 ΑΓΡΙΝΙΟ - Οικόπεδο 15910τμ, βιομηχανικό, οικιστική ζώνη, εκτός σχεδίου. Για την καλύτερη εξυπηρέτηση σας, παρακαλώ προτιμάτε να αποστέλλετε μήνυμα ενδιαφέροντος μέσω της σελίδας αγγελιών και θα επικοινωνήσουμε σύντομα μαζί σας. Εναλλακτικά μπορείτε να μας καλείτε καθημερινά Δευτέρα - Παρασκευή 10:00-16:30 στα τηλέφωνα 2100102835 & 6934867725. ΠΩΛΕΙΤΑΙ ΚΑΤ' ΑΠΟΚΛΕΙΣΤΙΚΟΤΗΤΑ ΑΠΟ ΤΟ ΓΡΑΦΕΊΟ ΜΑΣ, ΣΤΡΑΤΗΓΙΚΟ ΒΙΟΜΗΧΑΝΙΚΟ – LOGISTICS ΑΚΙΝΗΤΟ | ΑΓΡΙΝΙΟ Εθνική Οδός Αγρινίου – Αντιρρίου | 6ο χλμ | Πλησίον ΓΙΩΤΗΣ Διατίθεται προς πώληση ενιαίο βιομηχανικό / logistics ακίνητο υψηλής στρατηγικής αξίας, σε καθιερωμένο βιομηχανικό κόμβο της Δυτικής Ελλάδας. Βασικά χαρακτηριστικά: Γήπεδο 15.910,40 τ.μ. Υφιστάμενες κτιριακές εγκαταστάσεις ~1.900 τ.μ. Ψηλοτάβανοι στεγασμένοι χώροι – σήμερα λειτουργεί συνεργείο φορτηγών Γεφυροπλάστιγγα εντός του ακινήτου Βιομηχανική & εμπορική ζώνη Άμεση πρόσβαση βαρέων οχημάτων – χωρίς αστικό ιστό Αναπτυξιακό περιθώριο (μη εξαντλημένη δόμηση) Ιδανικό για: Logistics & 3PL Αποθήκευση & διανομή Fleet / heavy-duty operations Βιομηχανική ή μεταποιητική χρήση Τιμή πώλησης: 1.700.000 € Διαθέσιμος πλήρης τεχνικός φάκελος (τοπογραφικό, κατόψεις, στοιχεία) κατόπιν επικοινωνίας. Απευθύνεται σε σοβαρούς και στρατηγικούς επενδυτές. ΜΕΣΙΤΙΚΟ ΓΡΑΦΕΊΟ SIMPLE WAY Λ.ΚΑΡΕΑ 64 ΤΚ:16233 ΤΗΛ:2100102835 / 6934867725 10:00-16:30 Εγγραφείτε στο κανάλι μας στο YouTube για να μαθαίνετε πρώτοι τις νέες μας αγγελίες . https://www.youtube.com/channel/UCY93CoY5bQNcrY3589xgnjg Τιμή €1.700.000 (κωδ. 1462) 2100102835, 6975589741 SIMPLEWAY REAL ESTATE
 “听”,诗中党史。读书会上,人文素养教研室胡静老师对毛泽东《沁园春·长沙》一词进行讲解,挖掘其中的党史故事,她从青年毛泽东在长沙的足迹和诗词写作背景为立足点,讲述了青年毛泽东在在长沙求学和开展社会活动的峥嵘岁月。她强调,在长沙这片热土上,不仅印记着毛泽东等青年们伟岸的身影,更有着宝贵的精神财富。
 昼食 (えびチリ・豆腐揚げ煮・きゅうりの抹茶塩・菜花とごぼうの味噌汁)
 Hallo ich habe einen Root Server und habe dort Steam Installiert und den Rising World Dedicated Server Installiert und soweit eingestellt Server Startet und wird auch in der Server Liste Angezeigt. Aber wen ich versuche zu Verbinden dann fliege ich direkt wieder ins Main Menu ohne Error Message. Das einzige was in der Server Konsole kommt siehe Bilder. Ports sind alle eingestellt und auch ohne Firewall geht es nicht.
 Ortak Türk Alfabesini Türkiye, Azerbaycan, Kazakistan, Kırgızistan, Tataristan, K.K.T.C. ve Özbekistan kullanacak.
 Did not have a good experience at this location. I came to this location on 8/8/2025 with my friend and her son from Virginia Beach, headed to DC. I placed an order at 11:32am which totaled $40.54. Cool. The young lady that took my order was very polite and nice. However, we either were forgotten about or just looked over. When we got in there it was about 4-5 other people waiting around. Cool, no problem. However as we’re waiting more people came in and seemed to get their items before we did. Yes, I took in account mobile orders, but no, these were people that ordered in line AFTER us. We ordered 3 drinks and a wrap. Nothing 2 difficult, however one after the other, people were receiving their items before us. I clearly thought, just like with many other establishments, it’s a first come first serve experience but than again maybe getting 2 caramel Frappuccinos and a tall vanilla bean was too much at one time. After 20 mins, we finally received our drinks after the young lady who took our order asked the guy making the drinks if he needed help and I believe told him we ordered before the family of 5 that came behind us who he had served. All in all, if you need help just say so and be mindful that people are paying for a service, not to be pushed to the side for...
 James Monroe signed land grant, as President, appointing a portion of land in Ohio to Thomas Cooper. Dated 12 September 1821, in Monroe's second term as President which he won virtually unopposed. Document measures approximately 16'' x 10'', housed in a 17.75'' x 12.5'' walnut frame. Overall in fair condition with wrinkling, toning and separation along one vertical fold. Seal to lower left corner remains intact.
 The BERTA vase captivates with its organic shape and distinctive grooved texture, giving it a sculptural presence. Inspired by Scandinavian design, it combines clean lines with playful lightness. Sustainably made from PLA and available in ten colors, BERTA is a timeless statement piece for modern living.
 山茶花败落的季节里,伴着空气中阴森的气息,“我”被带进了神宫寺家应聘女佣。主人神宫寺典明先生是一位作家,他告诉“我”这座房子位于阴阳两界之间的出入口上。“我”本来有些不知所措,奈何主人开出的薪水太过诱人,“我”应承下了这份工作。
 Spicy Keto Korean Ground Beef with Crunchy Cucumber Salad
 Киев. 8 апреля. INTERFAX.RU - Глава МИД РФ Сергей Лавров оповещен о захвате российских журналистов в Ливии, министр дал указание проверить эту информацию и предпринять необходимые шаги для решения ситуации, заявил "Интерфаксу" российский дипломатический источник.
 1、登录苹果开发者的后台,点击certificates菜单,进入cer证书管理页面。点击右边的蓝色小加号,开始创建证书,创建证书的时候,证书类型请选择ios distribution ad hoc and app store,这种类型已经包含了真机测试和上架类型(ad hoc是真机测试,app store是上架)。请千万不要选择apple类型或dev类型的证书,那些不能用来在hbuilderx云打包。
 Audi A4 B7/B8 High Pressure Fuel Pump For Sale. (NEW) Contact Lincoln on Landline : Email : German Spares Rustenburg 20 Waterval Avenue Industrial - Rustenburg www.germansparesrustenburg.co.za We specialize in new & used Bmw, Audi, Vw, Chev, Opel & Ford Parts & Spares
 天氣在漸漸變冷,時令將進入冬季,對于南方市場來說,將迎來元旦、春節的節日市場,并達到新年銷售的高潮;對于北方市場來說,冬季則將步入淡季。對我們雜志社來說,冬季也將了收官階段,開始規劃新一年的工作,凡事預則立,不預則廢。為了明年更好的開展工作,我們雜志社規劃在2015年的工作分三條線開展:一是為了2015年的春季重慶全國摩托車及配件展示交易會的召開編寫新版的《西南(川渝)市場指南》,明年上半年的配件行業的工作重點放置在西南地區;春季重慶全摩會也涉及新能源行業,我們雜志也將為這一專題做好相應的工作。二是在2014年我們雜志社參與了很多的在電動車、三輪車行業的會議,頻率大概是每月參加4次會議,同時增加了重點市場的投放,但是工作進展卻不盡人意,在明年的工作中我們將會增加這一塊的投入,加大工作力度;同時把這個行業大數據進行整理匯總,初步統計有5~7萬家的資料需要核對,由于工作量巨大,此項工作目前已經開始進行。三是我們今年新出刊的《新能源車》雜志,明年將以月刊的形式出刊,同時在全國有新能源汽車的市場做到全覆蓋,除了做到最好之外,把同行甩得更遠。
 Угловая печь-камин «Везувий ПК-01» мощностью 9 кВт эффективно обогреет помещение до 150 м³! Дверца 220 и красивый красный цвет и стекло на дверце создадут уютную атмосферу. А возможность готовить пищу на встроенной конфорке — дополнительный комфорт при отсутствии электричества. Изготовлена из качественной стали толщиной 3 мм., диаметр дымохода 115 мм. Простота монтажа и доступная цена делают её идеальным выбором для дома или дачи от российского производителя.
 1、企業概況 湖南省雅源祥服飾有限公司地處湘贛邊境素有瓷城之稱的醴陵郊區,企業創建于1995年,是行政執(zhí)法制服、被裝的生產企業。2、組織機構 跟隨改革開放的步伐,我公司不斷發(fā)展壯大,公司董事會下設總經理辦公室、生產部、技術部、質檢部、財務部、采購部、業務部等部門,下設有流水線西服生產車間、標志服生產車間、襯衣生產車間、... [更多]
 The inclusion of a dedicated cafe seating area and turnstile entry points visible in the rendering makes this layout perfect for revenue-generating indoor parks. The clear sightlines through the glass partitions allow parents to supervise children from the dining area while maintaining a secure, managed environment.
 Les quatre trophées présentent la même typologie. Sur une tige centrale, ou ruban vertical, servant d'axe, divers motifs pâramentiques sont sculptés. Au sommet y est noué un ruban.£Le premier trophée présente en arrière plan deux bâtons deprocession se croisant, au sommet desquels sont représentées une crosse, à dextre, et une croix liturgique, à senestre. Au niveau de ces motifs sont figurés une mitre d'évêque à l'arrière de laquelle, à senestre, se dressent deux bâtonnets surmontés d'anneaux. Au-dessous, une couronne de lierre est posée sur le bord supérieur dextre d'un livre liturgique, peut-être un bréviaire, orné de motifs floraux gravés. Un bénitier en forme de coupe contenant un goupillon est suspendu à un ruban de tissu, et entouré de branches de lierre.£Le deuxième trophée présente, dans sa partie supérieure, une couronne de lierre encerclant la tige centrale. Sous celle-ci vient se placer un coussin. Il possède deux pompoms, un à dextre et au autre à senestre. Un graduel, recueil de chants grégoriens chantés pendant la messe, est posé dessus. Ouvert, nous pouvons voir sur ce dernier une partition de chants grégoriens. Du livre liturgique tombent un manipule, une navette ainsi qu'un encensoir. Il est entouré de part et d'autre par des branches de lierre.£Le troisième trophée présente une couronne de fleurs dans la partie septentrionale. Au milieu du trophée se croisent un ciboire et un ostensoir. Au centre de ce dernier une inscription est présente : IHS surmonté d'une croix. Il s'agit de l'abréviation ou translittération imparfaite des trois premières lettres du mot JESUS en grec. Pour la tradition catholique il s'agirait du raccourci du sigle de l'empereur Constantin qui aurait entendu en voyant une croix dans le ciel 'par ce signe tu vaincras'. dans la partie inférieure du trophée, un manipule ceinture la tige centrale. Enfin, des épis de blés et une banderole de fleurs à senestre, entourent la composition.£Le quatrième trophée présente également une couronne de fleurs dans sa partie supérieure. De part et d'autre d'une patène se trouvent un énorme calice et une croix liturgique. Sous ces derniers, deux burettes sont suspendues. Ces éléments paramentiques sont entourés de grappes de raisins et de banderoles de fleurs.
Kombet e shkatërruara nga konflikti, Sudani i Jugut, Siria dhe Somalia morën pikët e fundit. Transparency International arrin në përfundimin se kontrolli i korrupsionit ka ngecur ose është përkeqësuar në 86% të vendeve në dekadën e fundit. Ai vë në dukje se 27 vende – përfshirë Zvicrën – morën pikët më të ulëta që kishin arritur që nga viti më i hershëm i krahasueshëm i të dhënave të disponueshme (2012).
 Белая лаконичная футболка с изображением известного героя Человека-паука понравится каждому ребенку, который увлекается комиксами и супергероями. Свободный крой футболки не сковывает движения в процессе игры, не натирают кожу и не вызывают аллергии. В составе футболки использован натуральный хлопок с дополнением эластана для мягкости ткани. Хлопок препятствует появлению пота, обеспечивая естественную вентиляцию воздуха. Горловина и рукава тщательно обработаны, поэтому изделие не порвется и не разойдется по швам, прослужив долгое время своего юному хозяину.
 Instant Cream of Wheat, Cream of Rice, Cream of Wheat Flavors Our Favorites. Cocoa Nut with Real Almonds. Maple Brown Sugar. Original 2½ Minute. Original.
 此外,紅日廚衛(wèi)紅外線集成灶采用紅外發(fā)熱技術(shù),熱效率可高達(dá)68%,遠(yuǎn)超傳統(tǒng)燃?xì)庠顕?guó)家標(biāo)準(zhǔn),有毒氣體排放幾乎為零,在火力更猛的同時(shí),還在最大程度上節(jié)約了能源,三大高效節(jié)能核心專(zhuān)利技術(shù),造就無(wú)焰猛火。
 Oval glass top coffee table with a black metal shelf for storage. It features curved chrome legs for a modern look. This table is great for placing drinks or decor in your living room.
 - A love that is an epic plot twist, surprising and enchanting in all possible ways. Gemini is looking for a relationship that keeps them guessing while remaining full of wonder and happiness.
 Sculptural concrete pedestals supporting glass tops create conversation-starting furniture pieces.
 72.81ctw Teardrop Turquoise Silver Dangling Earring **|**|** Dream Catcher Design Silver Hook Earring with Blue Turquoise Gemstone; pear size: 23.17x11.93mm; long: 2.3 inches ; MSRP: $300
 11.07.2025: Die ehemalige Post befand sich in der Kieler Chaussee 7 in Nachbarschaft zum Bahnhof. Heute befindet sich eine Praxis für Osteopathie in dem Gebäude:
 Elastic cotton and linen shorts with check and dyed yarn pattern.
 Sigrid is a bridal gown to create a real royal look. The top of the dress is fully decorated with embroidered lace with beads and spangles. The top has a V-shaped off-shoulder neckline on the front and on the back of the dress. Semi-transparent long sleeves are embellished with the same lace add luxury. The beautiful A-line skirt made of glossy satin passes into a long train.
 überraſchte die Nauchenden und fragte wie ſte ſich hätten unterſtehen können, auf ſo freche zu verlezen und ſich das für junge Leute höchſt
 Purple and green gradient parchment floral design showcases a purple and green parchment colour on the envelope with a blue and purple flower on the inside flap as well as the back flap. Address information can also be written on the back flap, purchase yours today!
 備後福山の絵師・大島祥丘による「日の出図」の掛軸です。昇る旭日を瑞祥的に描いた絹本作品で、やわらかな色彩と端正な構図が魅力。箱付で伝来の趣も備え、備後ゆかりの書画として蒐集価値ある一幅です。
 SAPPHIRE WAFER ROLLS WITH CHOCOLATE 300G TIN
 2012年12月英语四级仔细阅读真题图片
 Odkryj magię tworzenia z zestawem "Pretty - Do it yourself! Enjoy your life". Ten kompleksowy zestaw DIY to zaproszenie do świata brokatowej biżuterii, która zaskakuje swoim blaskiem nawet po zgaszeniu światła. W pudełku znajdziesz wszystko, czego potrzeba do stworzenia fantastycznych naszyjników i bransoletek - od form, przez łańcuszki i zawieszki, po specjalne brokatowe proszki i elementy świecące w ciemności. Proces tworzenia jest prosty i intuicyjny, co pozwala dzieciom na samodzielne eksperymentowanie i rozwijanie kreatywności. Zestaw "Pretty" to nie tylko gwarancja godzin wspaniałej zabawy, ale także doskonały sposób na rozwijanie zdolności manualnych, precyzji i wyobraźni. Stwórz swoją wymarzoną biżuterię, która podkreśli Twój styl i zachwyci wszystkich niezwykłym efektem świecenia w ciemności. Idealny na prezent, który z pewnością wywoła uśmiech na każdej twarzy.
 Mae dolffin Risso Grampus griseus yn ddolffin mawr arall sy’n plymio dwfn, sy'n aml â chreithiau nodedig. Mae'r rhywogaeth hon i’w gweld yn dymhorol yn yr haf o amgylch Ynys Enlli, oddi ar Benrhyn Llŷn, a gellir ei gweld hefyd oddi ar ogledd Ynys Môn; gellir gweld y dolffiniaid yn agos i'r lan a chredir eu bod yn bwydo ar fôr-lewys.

*-*-*

Keeping every character as it is, restate the lines above that run from the line with "SAPPHIRE WAFER ROLLS WITH CHOCOLATE 300G TIN" through the line with "2012年12月英语四级仔细阅读真题图片", both included, and nothing else.

WRITTEN ANSWER ->
 SAPPHIRE WAFER ROLLS WITH CHOCOLATE 300G TIN
 2012年12月英语四级仔细阅读真题图片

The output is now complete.